*** Opening PROVIDED DATA ***

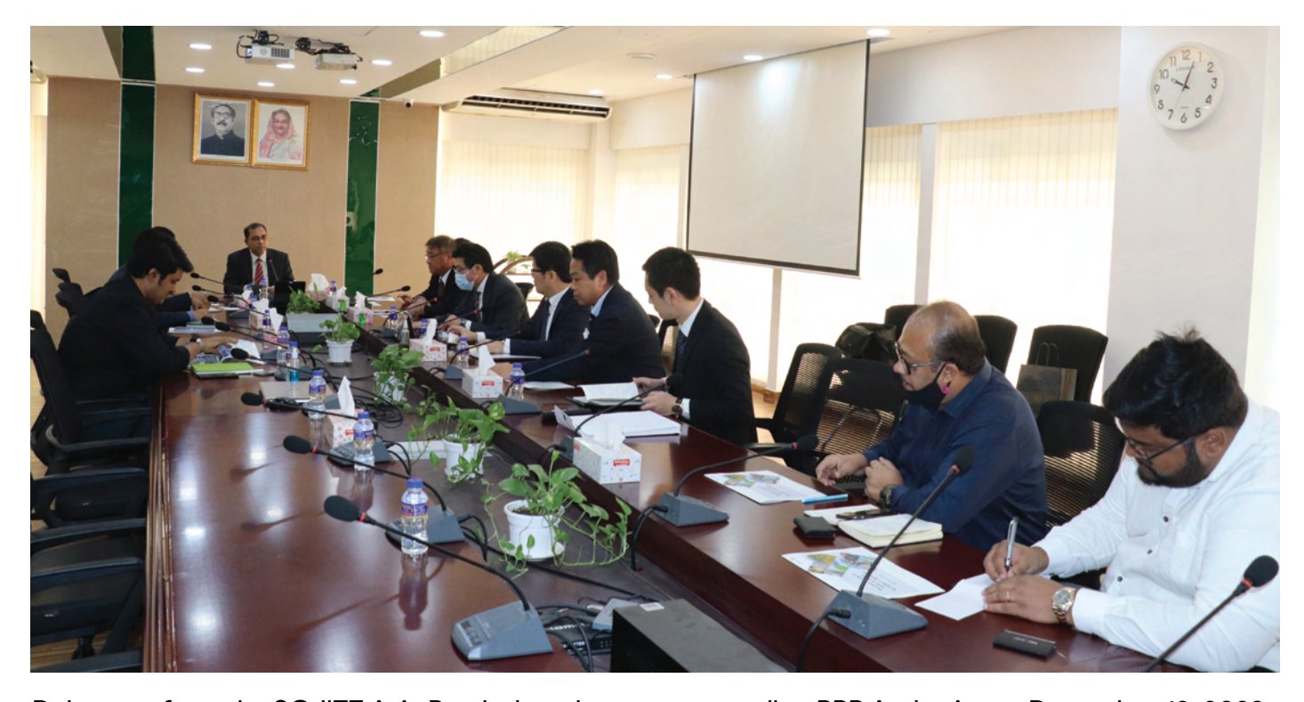
Delegates from the SOJITZ Asia Pte. Ltd made a courtesy call to PPP Authority on December 13, 2022.
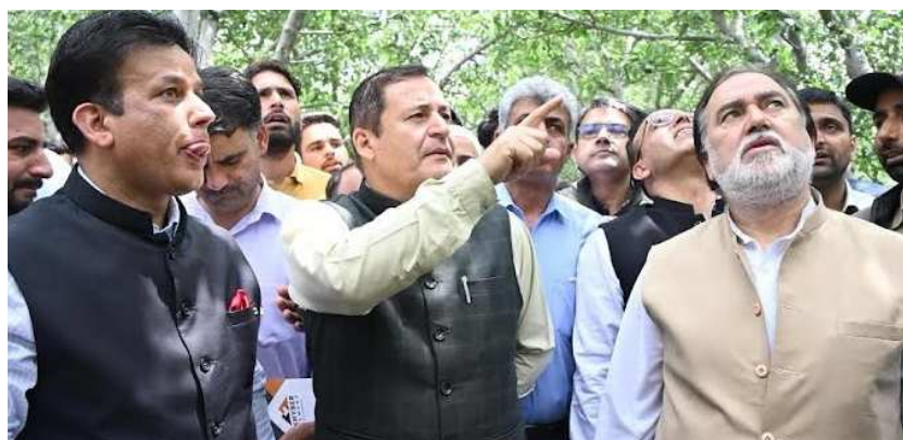
THE KASHMIR TALK BUREAU SRINAGAR:
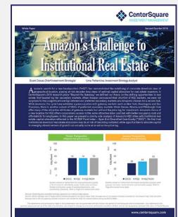
May 2018 Amazon's Challenge to Institutional Real Estate
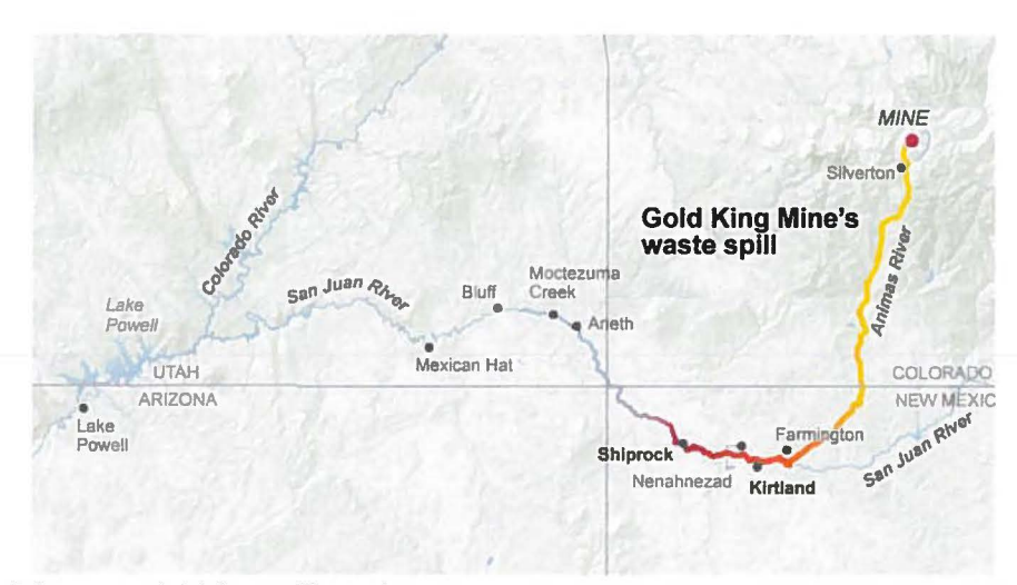
Figure 2: Rivers and Cities Affected by the Gold King Mine Spill, Data from The LA Times , accessed June 15, 2016, http://www.latimes.com/visuals/graphics/la-na-g-gold-king-mine-river-spill-20150814-htmlstory.html

The Gold King Mine blowout initially released three million gallons of acid drainage into the Upper Animas Basin, which is part of the larger Colorado River Basin. Yellow sediments flowed down Cement Creek, into the Animas River, then the San Juan River, and eventually made their way it to the Colorado River. Due to its reach, the Gold King Mine spill contaminated the water for Colorado, New Mexico, Utah, Arizona, and the tribal lands of the Southern Ute, Navajo, Ute Mountain Ute, and the Jicarilla Apache.<sup>24</sup>
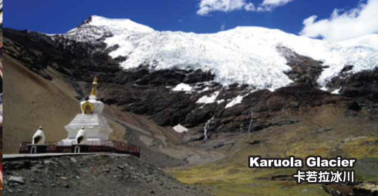
Karuola Glacier 卡若拉冰川
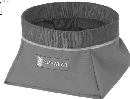
Quencher by Ruffwear®

Hydration on the trail is just as important for your dog as it is for you. For overall hydration, dogs require about one ounce of water per pound on a daily basis. When they are exerting themselves, they may require more. The weather may also be a factor to consider, as well, with warmer weather outings requiring more water. A collapsible bowl for water and food is a great choice for your hike. They are lightweight and are space saving.

*** Closing PROVIDED DATA ***

TASK INSTRUCTIONS: Give again the stretch of lines above from the one with "THE KASHMIR TALK" through the one with "Quencher by Ruffwear®", both ends kept, and copy no pictures.

YOUR RESPONSE:
THE KASHMIR TALK BUREAU SRINAGAR:
May 2018 Amazon's Challenge to Institutional Real Estate
Figure 2: Rivers and Cities Affected by the Gold King Mine Spill, Data from The LA Times , accessed June 15, 2016, http://www.latimes.com/visuals/graphics/la-na-g-gold-king-mine-river-spill-20150814-htmlstory.html

The Gold King Mine blowout initially released three million gallons of acid drainage into the Upper Animas Basin, which is part of the larger Colorado River Basin. Yellow sediments flowed down Cement Creek, into the Animas River, then the San Juan River, and eventually made their way it to the Colorado River. Due to its reach, the Gold King Mine spill contaminated the water for Colorado, New Mexico, Utah, Arizona, and the tribal lands of the Southern Ute, Navajo, Ute Mountain Ute, and the Jicarilla Apache.<sup>24</sup>
Karuola Glacier 卡若拉冰川
Quencher by Ruffwear®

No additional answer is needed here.